Critics disagree about the motivation behind Iago's actions in "Othello". The discussion continues over this compelling Shakespearean villain.
Iago, in Othello, is one of Shakespeare’s most compelling villains. His manipulation of people and events leads to the play’s tragic climax, Desdemona’s death, and the downfall of many characters, including Iago himself. However, critics disagree over his motivation. What drives Iago to scheme and destroy as he does? One of the problems with determining his motivation is that Iago presents several different fronts to the other characters, leaving us wondering which is the real Iago.
Some argue that Iago doesn’t have a motivation, and doesn’t need one.
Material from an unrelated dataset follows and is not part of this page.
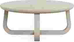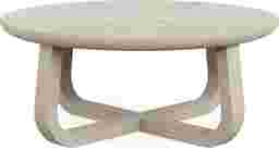 Gather 'round in light and lively style with the inspired Drew & Jonathan Canyon cocktail table. Contemporary flair, a round top and oak veneers in a light gray wash gives this piece a look that's equal parts unique and familiar. The crossed base creates space for storage as well as an interesting stirrup design, and the natural material and bent shapes evoke unmistakable midcentury character.

This is the tragedy of Othello, and Iago’s function is to bring the tragedy about. Our attention should be focussed on the interior workings of Othello’s character, not the supposed reasoning of a plot function. Iago’s malice is a given element, a convention which enables the play to happen.
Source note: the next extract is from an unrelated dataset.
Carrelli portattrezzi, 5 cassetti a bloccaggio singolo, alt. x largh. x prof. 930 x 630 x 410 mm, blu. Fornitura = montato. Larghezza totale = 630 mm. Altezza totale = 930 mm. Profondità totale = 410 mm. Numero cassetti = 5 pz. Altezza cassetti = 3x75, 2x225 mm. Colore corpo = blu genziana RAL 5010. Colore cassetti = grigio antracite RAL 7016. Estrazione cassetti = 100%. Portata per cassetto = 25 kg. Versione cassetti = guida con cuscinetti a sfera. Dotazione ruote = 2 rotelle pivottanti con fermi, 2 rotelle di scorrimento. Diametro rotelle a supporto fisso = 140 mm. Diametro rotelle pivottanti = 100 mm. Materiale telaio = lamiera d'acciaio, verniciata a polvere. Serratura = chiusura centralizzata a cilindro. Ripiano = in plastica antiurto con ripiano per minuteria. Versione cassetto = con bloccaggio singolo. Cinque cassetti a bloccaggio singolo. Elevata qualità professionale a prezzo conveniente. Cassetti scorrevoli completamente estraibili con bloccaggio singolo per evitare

Similar to the first point of view is the suggestion that Iago is somehow just evil. Shakespeare’s tragedies are frequently concerned with how evil enters the world, and Iago could be an example of how it arises naturally in humanity. As Ecclesiastes says, “the hearts of the children of men are full of evil” (9:3) When Othello suggests that Iago is the devil in the final scene ( look down towards his feet, but that’s a fable/ If that thou beest devil I cannot kill thee.” V.2) Iago plays along (“I bleed, sir, but not killed.”) Is he merely mocking a superstitious Moor, or suggesting that within him is as pure an evil as the devil?
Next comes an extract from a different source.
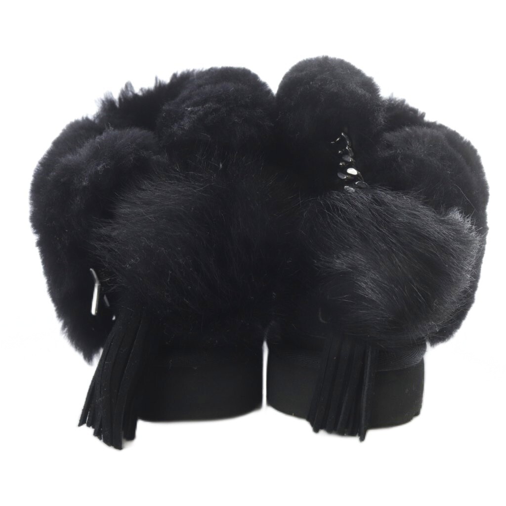 アグ オーストラリア UGG australia タッセル ショートムートンブーツ ロゴ 22cm 黒 ブラック /SR レディース

Another possible motive is racism. Though the term (and indeed idea) is foreign to the Renaissance, the hatred of outsiders was familiar, and there is certainly what we would call racism in Shakespeare. Iago does harp upon Othello’s race. He tells Brabanzio that “an old black ram is tupping your white ewe”, “your daughter [will be] covered by a Barbary horse” (I.1) and comments to Roderigo that “these Moors are changeable”. However, this is not particularly strong language compared to Brabanzio’s comments on Othello’s “sooty bosom” and “practices of cunning hell”. And given Brabanzio’s violent response to Desdemona’s new husband, it seems entirely possible that Iago’s comments were specifically intended to play upon the older man’s attitudes.
The only reason for his actions which Iago gives in his soliloquies is a vague rumour that Othello has slept with his wife: “it is thought abroad that ‘twixt my sheets/ He has done my office.” (I.3) The vagueness of this motivation has caused some critics to look elsewhere for Iago’s reasons, but it could be a compelling drive, if Iago’s discrediting of Desdemona actions are seen not simply as a mechanical revenge for Othello’s wrong-doing, but part of his general distrust of women. Tim McInnery’s performance in the recent Globe production of Othello seemed to emphasize this aspect, as if, by ruining Desdemona’s reputation, Iago could somehow prove that his paranoid view of womankind was correct.